• EXERCISE: Please restate each line of the material word for word and omit any pictures.

• GIVEN DATA:
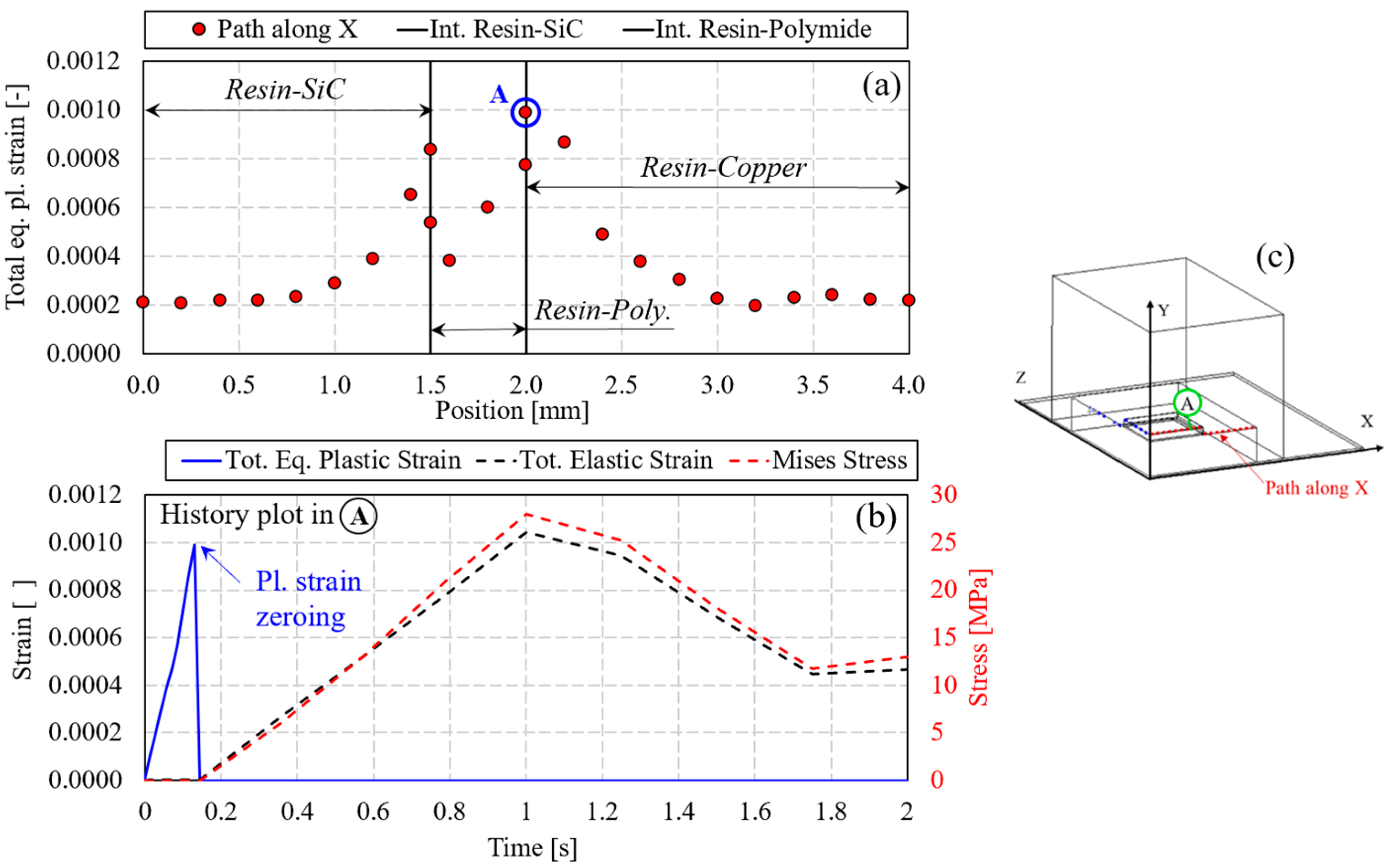 - the resin is stretched-deformed following the deformed shape of the “Copper-to-Poly” assembly, but it is not generating any stress nor is it storing any elastic strain which would generate unrealistic stresses in the successive simulation stages.
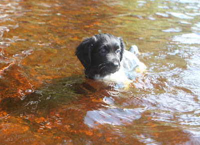 Vielä ennen kun pennut lähtivät meiltä kävimme pari kertaa tutustumassa metsään ja myös uimiseen. Eli autoilimme pentujen kanssa useaan kertaan ja ne pääsivät tutustumaan erilaisiin paikkoihin. Kesäpentujen kanssa voi tehdä niin paljon eri juttuja kun talvipentujen. Ainoa haitta oli tänä kesänä helle, eli useimmiten ulkoilimme oiken kunnolla vasta iltaisin. Olin ihan ihmeissäni kun pennut Amelia ja Kamu menivät reippaasti veteen ja ei kun suoraan uimaan. Tiku ja Hugo kahlailiat vedessä.
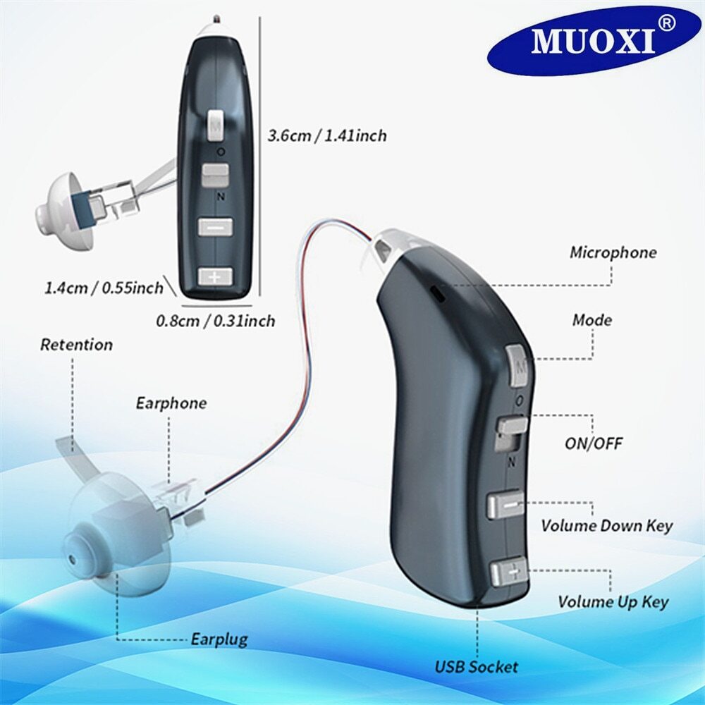Цифровой Слуховой аппарат и Усилители звука для пожилых Людей Простая регулировка громкости (Черный)

• SOLUTION FOR THIS PROBLEM:
 - the resin is stretched-deformed following the deformed shape of the “Copper-to-Poly” assembly, but it is not generating any stress nor is it storing any elastic strain which would generate unrealistic stresses in the successive simulation stages.
 Vielä ennen kun pennut lähtivät meiltä kävimme pari kertaa tutustumassa metsään ja myös uimiseen. Eli autoilimme pentujen kanssa useaan kertaan ja ne pääsivät tutustumaan erilaisiin paikkoihin. Kesäpentujen kanssa voi tehdä niin paljon eri juttuja kun talvipentujen. Ainoa haitta oli tänä kesänä helle, eli useimmiten ulkoilimme oiken kunnolla vasta iltaisin. Olin ihan ihmeissäni kun pennut Amelia ja Kamu menivät reippaasti veteen ja ei kun suoraan uimaan. Tiku ja Hugo kahlailiat vedessä.
Цифровой Слуховой аппарат и Усилители звука для пожилых Людей Простая регулировка громкости (Черный)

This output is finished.